▽
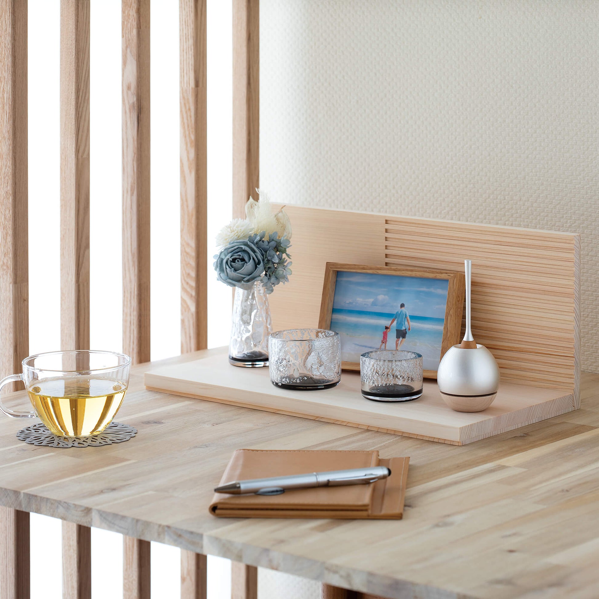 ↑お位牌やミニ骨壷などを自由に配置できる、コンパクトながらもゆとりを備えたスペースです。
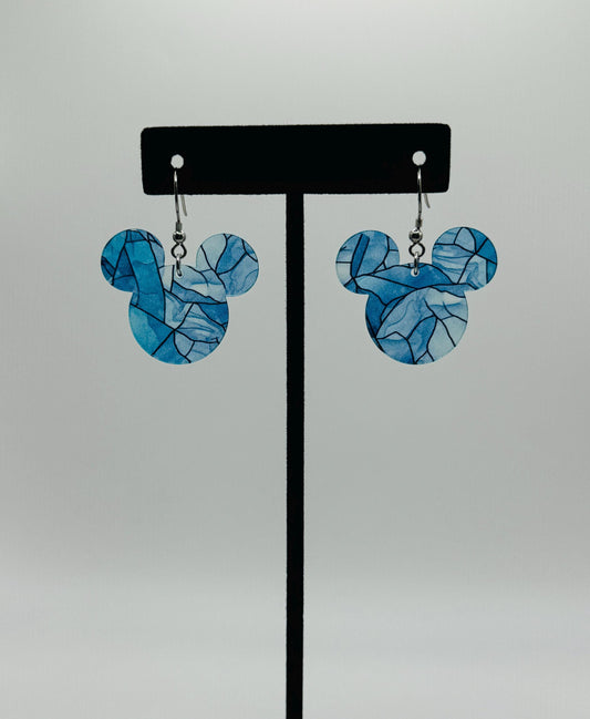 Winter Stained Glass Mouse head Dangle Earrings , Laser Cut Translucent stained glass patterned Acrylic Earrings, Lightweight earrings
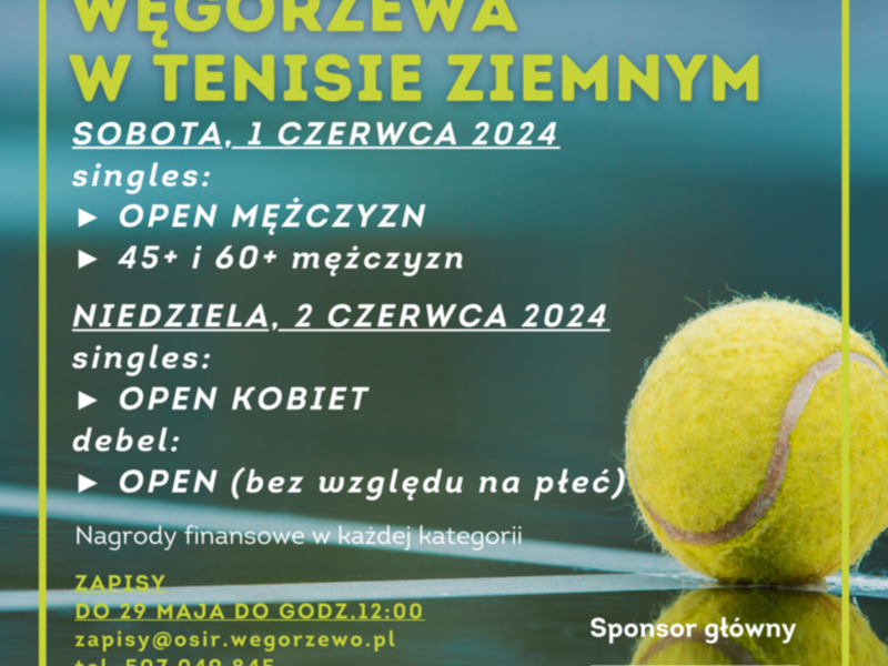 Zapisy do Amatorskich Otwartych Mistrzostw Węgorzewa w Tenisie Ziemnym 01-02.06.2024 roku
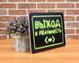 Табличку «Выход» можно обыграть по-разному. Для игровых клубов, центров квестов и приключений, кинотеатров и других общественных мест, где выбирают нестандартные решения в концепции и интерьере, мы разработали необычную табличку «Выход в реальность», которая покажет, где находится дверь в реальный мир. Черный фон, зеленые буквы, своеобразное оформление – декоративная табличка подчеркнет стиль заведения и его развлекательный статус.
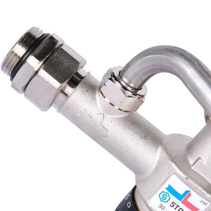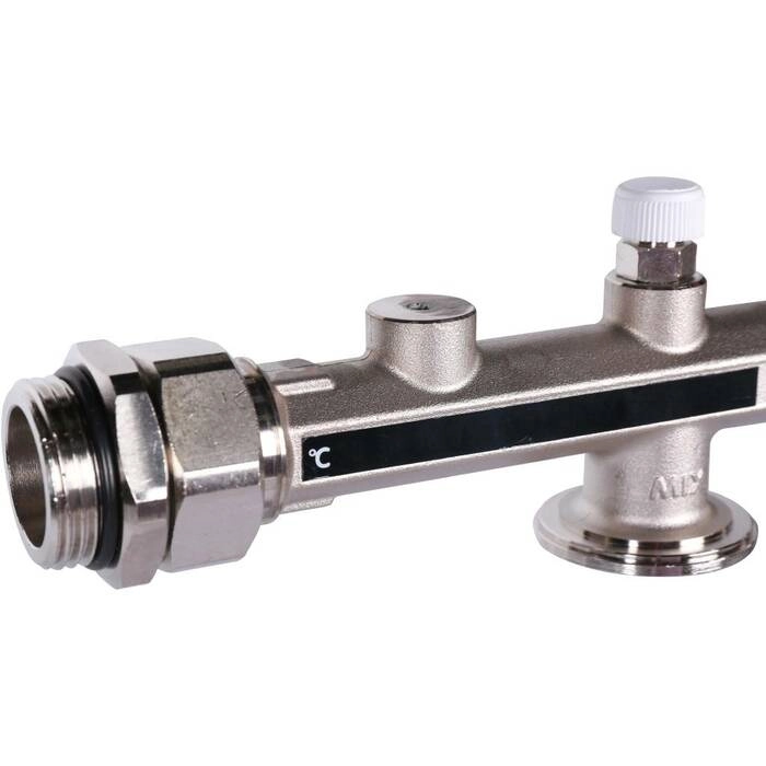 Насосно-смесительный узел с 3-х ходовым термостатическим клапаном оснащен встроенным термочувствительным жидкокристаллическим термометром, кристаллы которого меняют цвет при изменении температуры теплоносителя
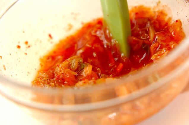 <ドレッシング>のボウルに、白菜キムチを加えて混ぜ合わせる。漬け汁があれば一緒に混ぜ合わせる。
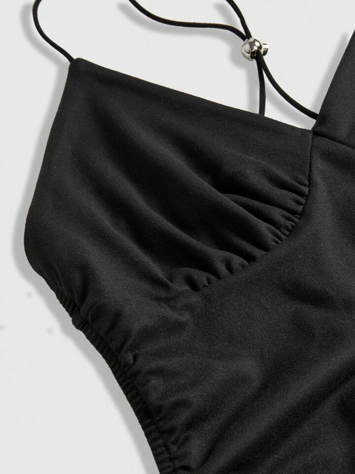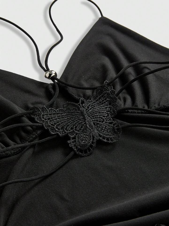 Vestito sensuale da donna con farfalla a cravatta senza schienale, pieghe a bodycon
△
# Task to complete:
Every line from the start of the material through the line holding "Zapisy do Amatorskich" must be returned exactly, and the pictures must not.

# Solution to the exercise:
 ↑お位牌やミニ骨壷などを自由に配置できる、コンパクトながらもゆとりを備えたスペースです。
 Winter Stained Glass Mouse head Dangle Earrings , Laser Cut Translucent stained glass patterned Acrylic Earrings, Lightweight earrings
 Zapisy do Amatorskich Otwartych Mistrzostw Węgorzewa w Tenisie Ziemnym 01-02.06.2024 roku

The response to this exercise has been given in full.